Posted at 10:28 AM, Jul 23, 2019
and last updated 2019-07-23 13:01:34-04

Democratic presidential candidate Beto O’Rourke said in an interview Monday that a campaign event held by President Donald Trump last week “was almost an impromptu Nuremberg rally,” implicating Trump supporters with an invocation of Nazism.

“Yes, President Trump is a racist. What we saw in North Carolina last week was almost an impromptu Nuremberg rally, inciting hatred and ultimately, I think implicit in that, is violence against people based on the color of their skin, based on their religion, based on their difference from the majority of Americans,” O’Rourke told ABC News. “And it is in keeping the President who describes Mexican immigrants as rapists and criminals, who describes asylum seekers as animals or an infestation, who says that Klansmen are ‘very fine people.’ It’s very clear the path that he is taking us on.”

O’Rourke was referring to a campaign event held in Greenville, North Carolina, in which the President doubled down on his racist rhetoric against progressive minority members of Congress — including Minnesota Rep. Ilhan Omar, who was born in Somalia but has since become a naturalized US citizen — which was met with chants from a crowd yelling “send her back.” Trump stood there at length as the crowd chanted, though he later claimed he disapproved of their chant.
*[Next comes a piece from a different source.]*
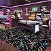 Fluorescent dyed rug glows under black light and is perfect for gaming and entertainment rooms
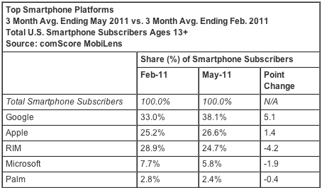 Today comScore posted their latest smartphone market share report showing Google’s Android as the top smartphone platform for the three-month reporting period ending in June 2011, up 5.4 percent from the previous March 2011 report.

Last week, Trump tweeted, “I don’t have a racist bone in my body!”

O’Rourke has previously compared the President’s comments on illegal immigration to “rhetoric that you might have heard during the Third Reich.”

The Nuremberg rallies were organized by the Nazi Party between 1923 and 1938. Following Adolf Hitler’s rise to power in 1933, the rallies largely served as annual Nazi propaganda events in which the German dictator would deliver speeches to his supporters.

When asked about the history of Ellis Island, O’Rourke was more optimistic, calling the island “a reminder of American history at its best, and at its worst.” The presidential candidate even drew on a personal connection to the island in the interview, by referring to El Paso as the “Ellis Island of today.”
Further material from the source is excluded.